CSP “serves essentially the same function for persons convicted of ‘no parole offenses’ as parole does for other inmates.” Jackson v. State, 349 S.C. 62, 562 S.E.2d 475 (2002). As with parole, the Department of Probation, Parole, and Pardon Services (DPPPS) sets the initial length,4 terms, and conditions of CSP, and determines whether violations have occurred, and initiates a judicial revocation process. If the circuit court judge determines the inmate has willfully violated the terms of his CSP, then the judge has three options: 1) continue the CSP; 2) continue the CSP but alter the terms and conditions; or 3) revoke CSP and order the inmate reincarcerated. The statute limits the total amount of prison time an inmate can serve following CSP revocation(s) to the period of incarceration ordered by the sentencing judge. *626Read literally, then, I agree with the majority that the statute permits appellant to be reincarcerated for another six months, the “length of incarceration imposed for the original ‘no parole offense.’ ”

In my opinion, however, to read the statute literally is to render it unconstitutional. Compare In re Luckabaugh, 351 S.C. 122, 568 S.E.2d 338 (2002) (no double jeopardy or due process violation in involuntary commitment for sexually violent predators because commitment is not penal).

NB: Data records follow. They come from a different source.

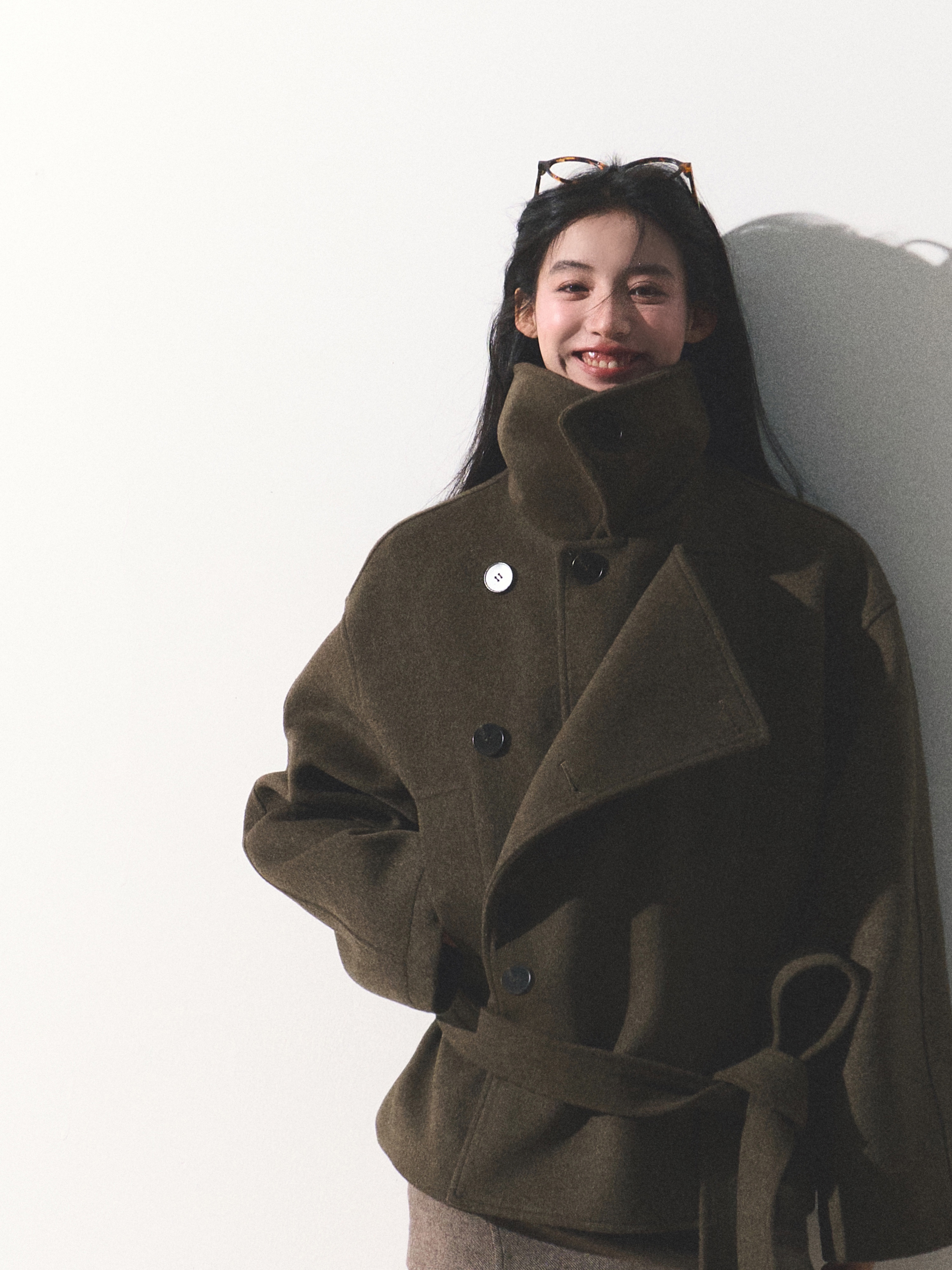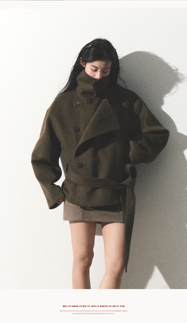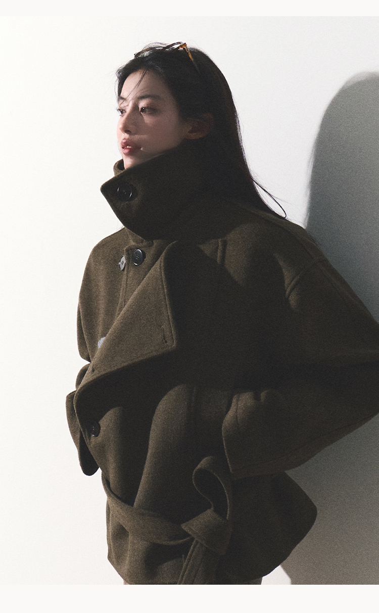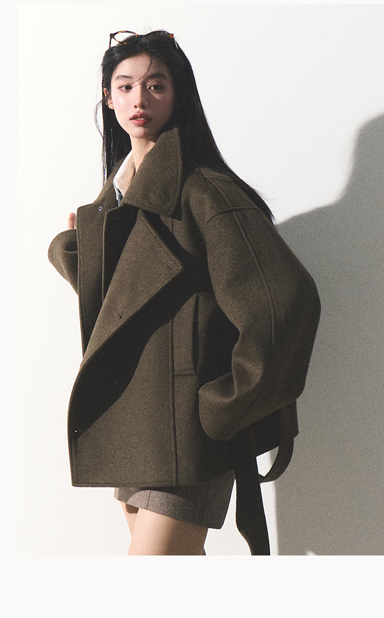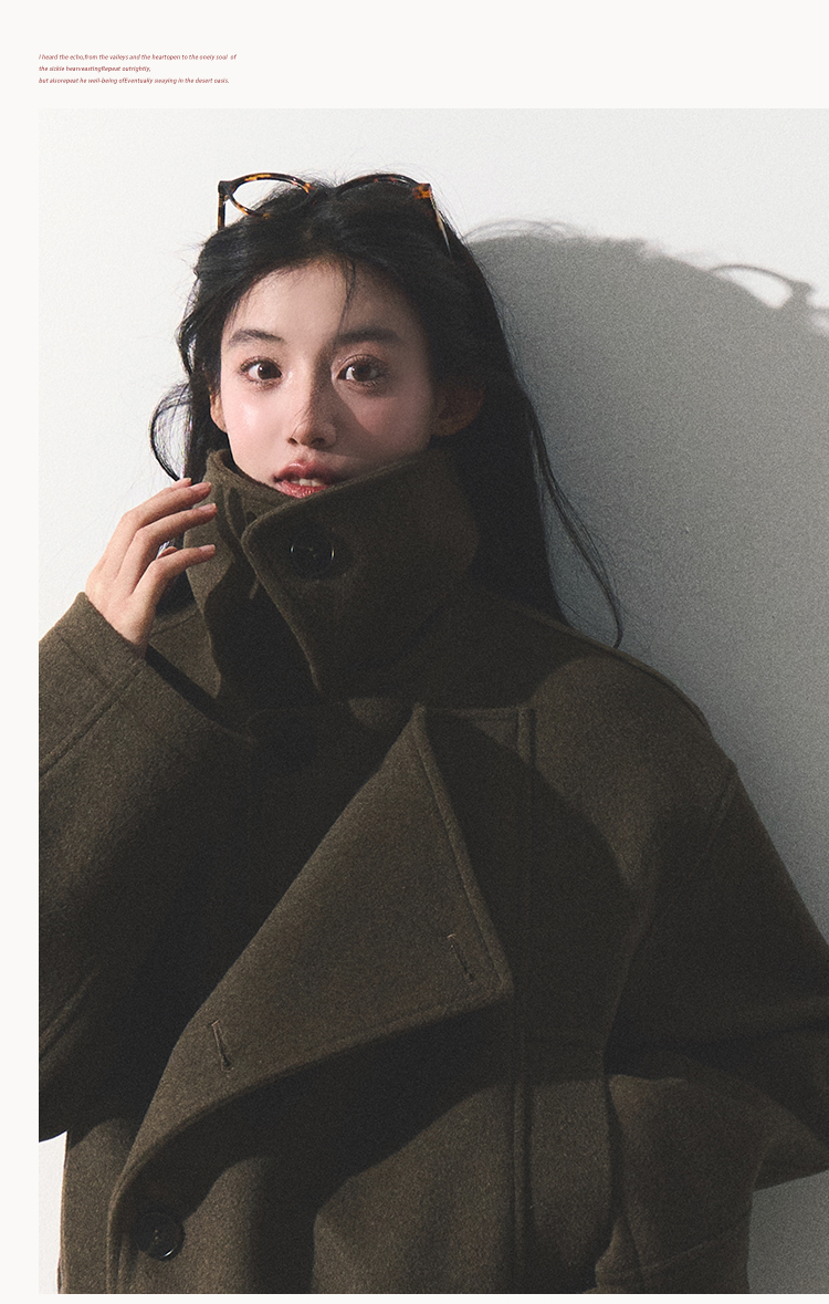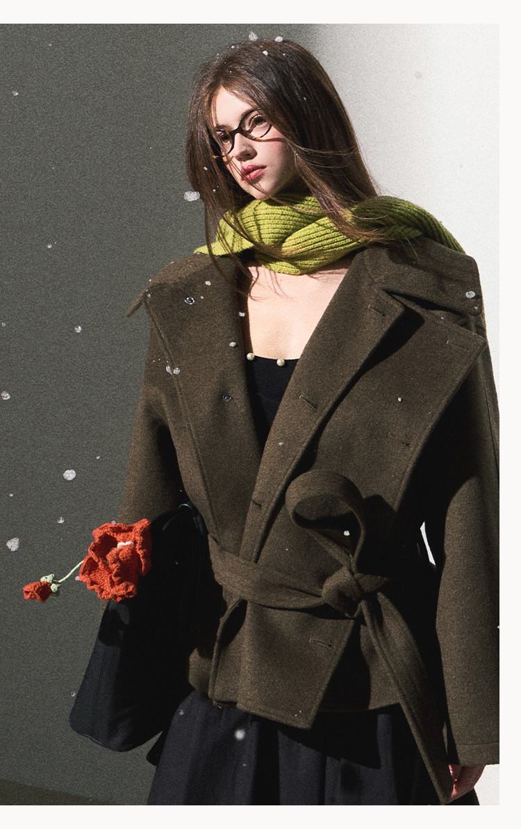 Oakmoo/ "Flowers Are in Full Bloom" Wool Stand-Up Collar Coat for Women, Winter Double-Breasted Short Waist-Cinching Woolen Coat
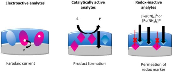 Electrochemical detection is focused on measuring changes in the electrical signal, which occur when chemicals interact with a sensing surface. There are three main electrochemical approaches used in MIP-based sensors (Figure 2). First, there is a direct determination of the redox-active analyte where the recorded faradaic current comes from direct electron transfer between the target and electrode surface. Secondly, an indirect quantification can be used via the generation of a redox-active product, which subsequently reacts at the electrode surface. Thirdly, another indirect quantification method is using a redox marker such as ferri/ferrocyanide. In this case, the diffusional permeability of the redox marker through the electrode surface is monitored. Electrochemical detection is an especially attractive technique because of its high specificity, experimental simplicity, low cost, and easy integration into portable devices. Consequently, it is unsurprising that the technique is commonly utilized within commercial sensors. In the next section, we discuss the detection of heavy metals and touch on relevant screen-printing technology, which has attracted considerable commercial interest due its low-cost and compatibility with mass-manufacturing.
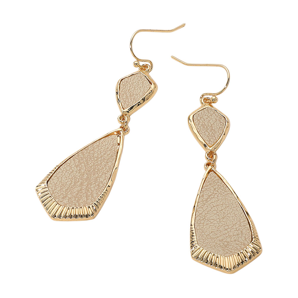 • Modern geometric drop earrings featuring a textured inlay and sleek metallic frame. Lightweight yet eye-catching, perfect for adding a contemporary touch to casual or dressy outfits.
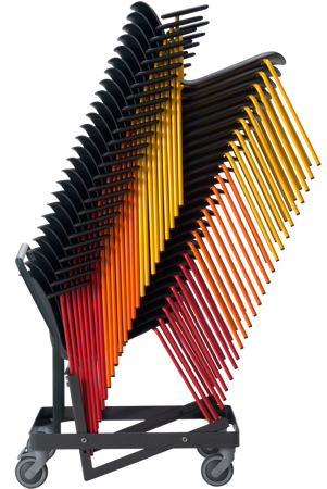 With upholstered seat pad: up to 16 chairs on dolly and 10 on the floor.

An inmate’s original ‘no parole’ sentence ordinarily contains a period of incarceration plus a suspended portion. Section 24-21-560(D) limits the maximum period of reincarceration for CSP revocations to “an amount equal to the length of incarceration imposed for the original ‘no parole offense’ ”. The original term of incarceration does not include any portion of a suspended sentence.” In order to avoid any constitutional infirmity, I would read this language as putting an outside limit on incarceration of twice the period imposed by the trial judge. The outside limit on the total amount of time an inmate could be incarcerated and/or required to participate in the CSP program is the length of the original sentence, that is, the term of incarceration plus any period of suspension. For example, an individual sentenced to 20 years, suspended on service of seven years, would be subject to serving an additional seven years for CSP violations,5 but in no case could be held in prison or required to participate in a CSP program after the expiration of the 20 years. Here, appellant received a six-month sentence, no part of which was suspended. In my view, the maximum time he could constitutionally be subjected to incarceration and/or required to participate in the CSP program pursuant to this sentence was six months. That period having expired, I would hold the trial court erred in reincarcerating appellant.

. This is the term used in § 24-21-560; if the revocation judge is truly imposing a new sentence of up to one year, then the protections afforded all criminal defendants, including but not limited to the right to an indictment, counsel, and a jury, must be afforded her. None of these constitutional niceties were afforded appellant, or any of the other CSP violators who have come before the Court. Our obligation to construe statutes as constitutional where possible, e.g. Ward v. State, 343 S.C. 14, 538 S.E.2d 245 (2000), is a driving force behind my construction of § 24-21-560.

. The maximum period of CSP is two years.

. Of course, an inmate is subject to a maximum one year period of incarceration each time he is found to have willfully violated CSP, but each reincarceration is followed by another CSP until the program is successfully completed or until the term of the original sentence is met.